Management conflicts (20%)

Surprisingly, a fifth of the respondents invoke management conflicts as main driver of insolvency among companies.

The conflict is thus an inevitable reality of every society, being generated by labor division.

Conflicts between workforce and management (20%)

In a similar proportion, (20%) conflicts between employees and management is one of the main factors driving insolvency procedures. In theory, conflicts are present in the company’s every-day life.

Inadequate controlling (18%)

In a smaller share, 18% of the companies who participated in the study said that an inadequate controlling has all the potential of steering the business toward insolvency.

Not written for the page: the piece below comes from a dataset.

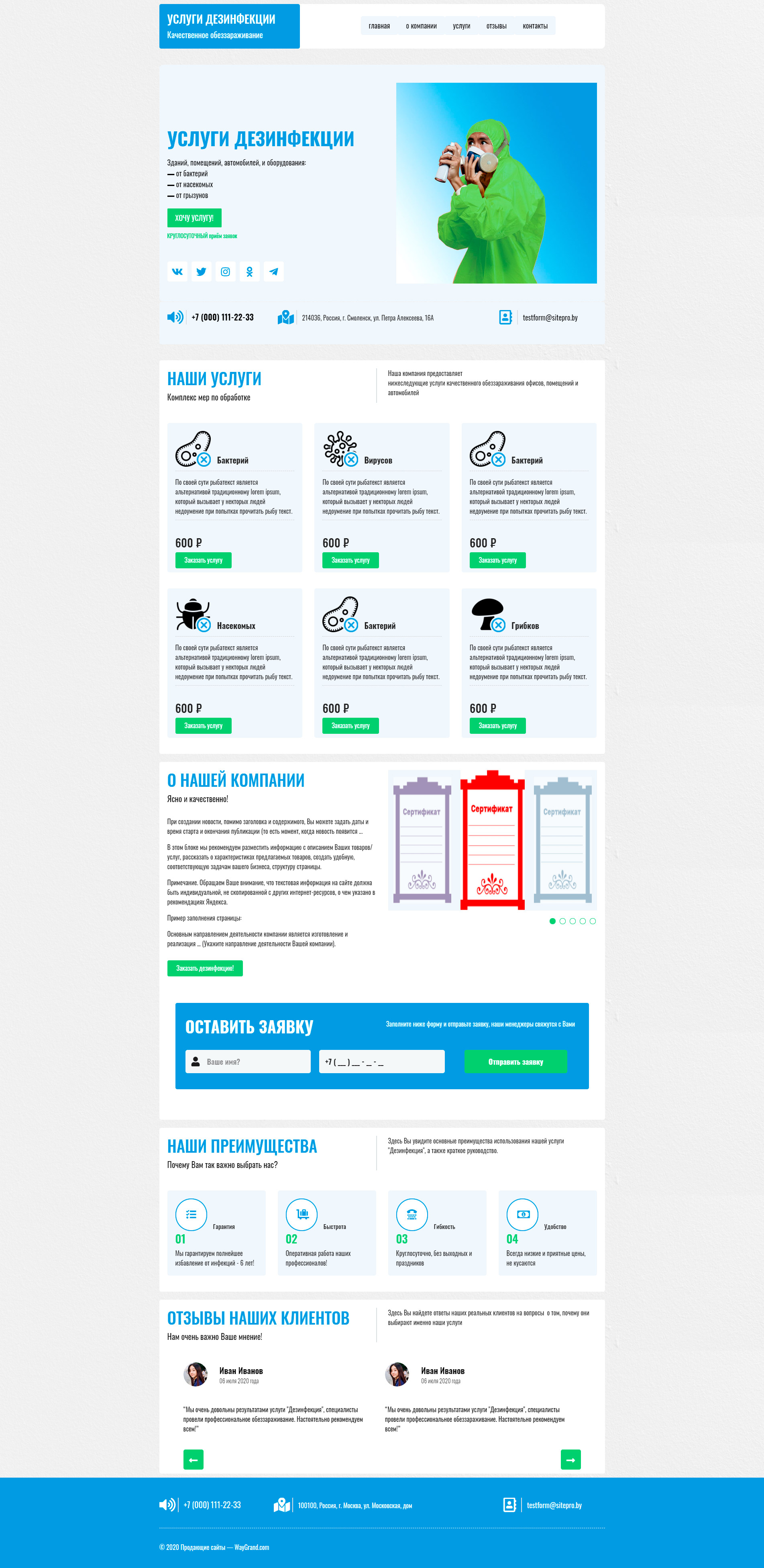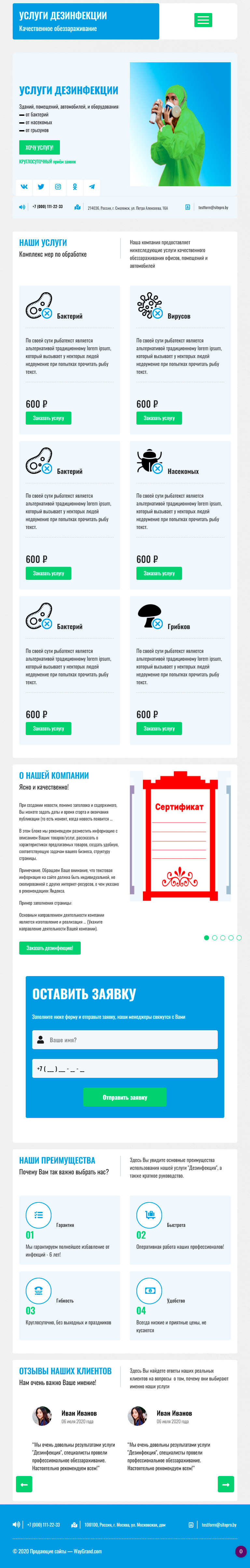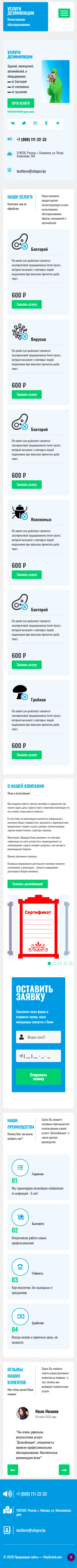 Закажите готовый продающий сайт лендинг #0608201 в Ветке за 1-3 дня «под ключ»: свёрстан, отрисован и готов к рекламе. Тематика шаблона «Услуги дезинфекции».

In the evolutionary theory, survivors are those who adapt to changes. As for litigation market and dispute resolution, adaptation requires the understanding and grasping of own market specific rules. In other terms, it is stabilization and cleansing of the market.

Crisis in business or industry sector (17%)

Crisis in business or industry sector was cited as insolvency drivers by 17% of the respondents.

The sector in Romania that carries the greatest risk was retail business, that increased by 49.85% year-on-year, where 3,553 cases of insolvency were registered, according to a report by Coface.

Economic crisis (16%)

Apparently, economic crisis is not the main factor that drives a company to insolvency, with only 16% of the respondents citing this factor.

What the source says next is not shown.